Decreased glucose transporters correlate to abnormal hyperphosphorylation of tau in Alzheimer disease

Ying Liu; Fei Liu; Khalid Iqbal; Inge Grundke-Iqbal; Cheng-Xin Gong

doi:10.1016/j.febslet.2007.12.035

. Author manuscript; available in PMC: 2008 Feb 19.

Published in final edited form as: FEBS Lett. 2008 Jan 2;582(2):359–364. doi: 10.1016/j.febslet.2007.12.035

Decreased glucose transporters correlate to abnormal hyperphosphorylation of tau in Alzheimer disease^¹

Ying Liu ^a,^b, Fei Liu ^a, Khalid Iqbal ^a, Inge Grundke-Iqbal ^a, Cheng-Xin Gong ^a,^*

PMCID: PMC2247364 NIHMSID: NIHMS38557 PMID: 18174027

Abstract

Brain glucose uptake/metabolism is impaired in Alzheimer disease (AD). Here, we report that levels of the two major brain glucose transporters (GLUT1 and GLUT3) responsible for glucose uptake into neurons were decreased in AD brain.

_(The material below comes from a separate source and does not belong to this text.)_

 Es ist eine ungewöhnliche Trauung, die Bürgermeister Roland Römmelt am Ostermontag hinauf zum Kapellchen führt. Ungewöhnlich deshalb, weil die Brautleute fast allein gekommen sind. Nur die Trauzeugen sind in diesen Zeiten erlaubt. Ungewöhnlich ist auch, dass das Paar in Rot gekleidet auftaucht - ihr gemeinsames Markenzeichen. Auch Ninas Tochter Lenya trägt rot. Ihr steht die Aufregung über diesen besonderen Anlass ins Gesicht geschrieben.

This decrease correlated to the decrease in O-GlcNAcylation, to the hyperphosphorylation of tau, and to the density of neurofibrillary tangles in human brains. We also found down-regulation of hypoxia-inducible factor 1, a major regulator of GLUT1 and GLUT3, in AD brain. These studies provide a possible mechanism by which GLUT1 and GLUT3 deficiency could cause impaired brain glucose uptake/metabolism and contribute to neurodegeneration via down-regulation of O-GlcNAcylation and hyperphosphorylation of tau in AD.

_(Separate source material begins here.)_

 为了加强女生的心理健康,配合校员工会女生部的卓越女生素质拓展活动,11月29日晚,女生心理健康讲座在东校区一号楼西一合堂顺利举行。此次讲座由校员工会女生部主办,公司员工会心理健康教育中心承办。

Keywords: Glucose transporters, tau, hyperphosphorylation, Alzheimer disease, O-GlcNAcylation, hypoxia-inducible factor

1. Introduction

Alzheimer disease (AD) is characterized histopathologically by extracellular amyloid plaques and intracellular neurofibrillary tangles (NFTs). The number of tangles in the brain correlates to dementia symptoms [1–3], suggesting that neurofibrillary degeneration may contribute to the pathogenesis of AD. NFTs are mainly composed of abnormally hyperphosphorylated tau that aggregates into paired helical filaments and straight filaments [4]. Many studies have demonstrated that abnormal hyperphosphorylation of tau is crucial to neurodegeneration [5,6]. Although extensive studies have been carried out on protein kinases and phosphatases that regulate tau phosphorylation, the mechanisms leading to the abnormal hyperphosphorylation of tau in AD brain are not well understood.

Glucose uptake and metabolism are impaired in AD brain, and this impairment appears to be a cause, rather than a consequence, of neurodegeneration [7]. We recently demonstrated that impaired glucose uptake/metabolism leads to hyperphosphorylation of tau via down-regulation of tau O-GlcNAcylation [8,9], which is a unique type of O-glycosylation by which β-N-acetylglucosamine (GlcNAc) attaches to the hydroxyl group of serine or threonine residues and serves as a sensor of intraneuronal glucose metabolism and regulates protein phosphorylation inversely. These findings provide a possible mechanism by which the impaired glucose uptake/metabolism could contribute to neurodegeneration in AD [5].

The causes of the impairment of glucose uptake/metabolism in AD brain are not well understood. Because brain neurons are unable to synthesize or store glucose, they are fully dependent on glucose transport across the blood-brain barrier, which is facilitated by glucose transporters (GLUTs). To date, 14 GLUTs have been reported in the human tissue [10]. In mammalian brain, GLUT1 and GLUT3 are the predominant GLUTs responsible for glucose transport [11]. GLUT1 is highly expressed in the endothelial cells of blood-brain barrier and is responsible for transporting glucose from blood into the extracellular space of the brain [12,13]. GLUT3 is the major neuronal GLUT and helps transport glucose from the extracellular space into the neurons [14]. In addition, GLUT2 is expressed in astrocytes of the brain. GLUT4, which is expressed mainly in peripheral tissue such as muscle, adipose tissue and heart, is also found in some neurons in the brain [14] and, unlike GLUT1–3, is insulin-sensitive. Decreased GLUT1 and GLUT3 have been observed in AD brain [15–17], suggesting that this decrease might contribute to the impairment of brain glucose uptake/metabolism. However, no evidence of such a possibility has been reported.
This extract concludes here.